At Manifold, we are interested in making predictions over longer time periods. We consider a number of factors that influence investor behavior and potential outcomes over weeks or months. There is a lot of data and trillions of calculations are required. So we use high-end computing, data analysis and machine learning to examine how investors reacted in the past in specified circumstances. We use past investor behavior in highly similar circumstances to today to make a prediction about how investors will treat a stock going forward from today.

Do you see artificial intelligence and machine learning as a growing trend in the industry? What interests you most about the potential and promise of this technology?

When we started applying machine learning to financial markets, the subject was never mentioned in the financial press and we were not taken seriously by other quants, who generally were of the view that if you could not write down the equations linking factor values to returns, you could not trust the “model”. Even in other branches of business and science the mention of machine learning was rare. Now you cannot pick up an industry publication without seeing a reference to some form of artificial intelligence or machine learning.

The growth in interest and understanding has been exponential over the past couple of years. What excites me is that the investing world is starting to wake up to the potential to make better predictions in one of the most challenging and complex systems humans deal with – financial markets. Better predictions mean better outcomes, and that helps everyone.

Manifold and Via Science both have very specific but different approaches to solving problems. What interests you most about using them in combination to improve investment strategies? What value does Via Science’s Bayesian networks approach offer Manifold?

There are many forms of machine learning with different strengths and weaknesses. In a complex problem like predicting future stock prices, it is quite likely that two different types of machine learning will have some overlap. But it is also the case that each system will likely pick up some information in the data missed by the other approach. That is exactly what we find when we use both our approach to machine learning and that of Via Science. Using our factors, Via Science picks up information that we do not pick up and vice versa. We find that combining the signals gives a nice improvement in results over using just one approach, even though both machine learning approaches are using exactly the same data set to make predictions.

What is the next big thing for investing, and Manifold in particular?

We strongly believe that the “next big thing” in quantitative investing is the rapid growth in application of machine learning to financial markets.

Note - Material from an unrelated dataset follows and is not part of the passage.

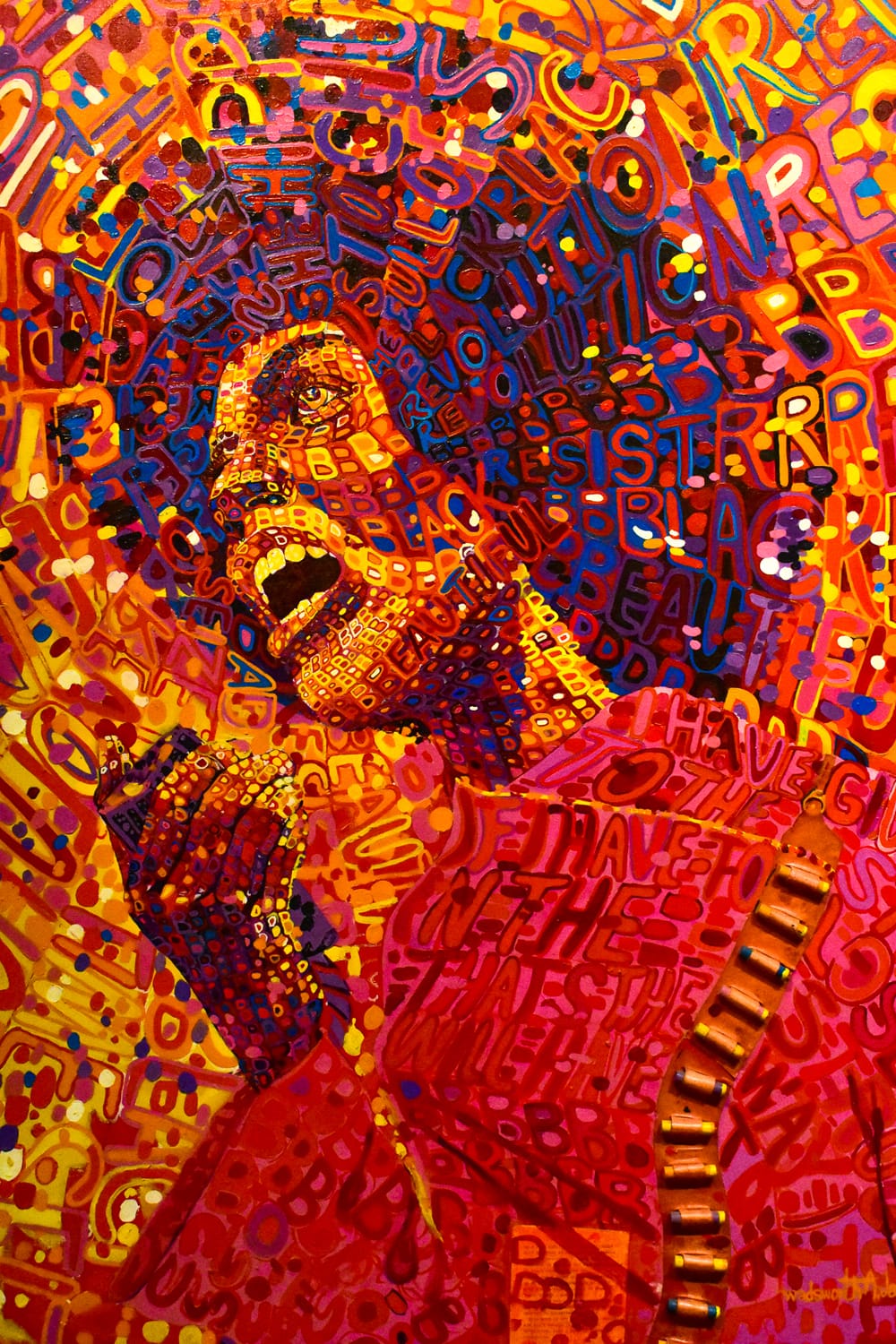 Artist Wadsworth Jarrell created Black Prince in 1971, which paid homage to actor Ossie Davis’s eulogy for Malcom X, a black nationalist leader. David said, “Our own black shining Prince!” Jarrell’s posthumous portrait of Malcom X repeats the letter B for “Black” “Beautiful” and “Bad.” The portrait also incorporates empowering words once said by Malcom X. “I believe in anything necessary to correct unjust conditions-political, economic, social, physical—anything necessary as long as it gets results,” Malcom X said.

I would argue that over the next number of years machine learning will become the primary method for making predictions in financial markets.

As for Manifold, we are continuing to extend and refine our application of machine learning to markets. One area we are looking at presently is “feedback loops,” where results are analyzed rapidly and used to adjust predictions in light of experienced prediction accuracy. This looks very promising and is a way to better incorporate changes in markets structure and investor behavior.

Another area we are thinking about is “layering” machine learning techniques, where one layer would oversee and refine some inputs for the next layer. This again is a way to make sure the machine learning systems are evolving along with the world it is attempting to predict. Generally, layered levels of machine learning should evolve faster and make better predictions than a single level and approach to machine learning. We want our forms of artificial intelligence to evolve, much as human brains do with experience, in their ability to understand and predict the world around them.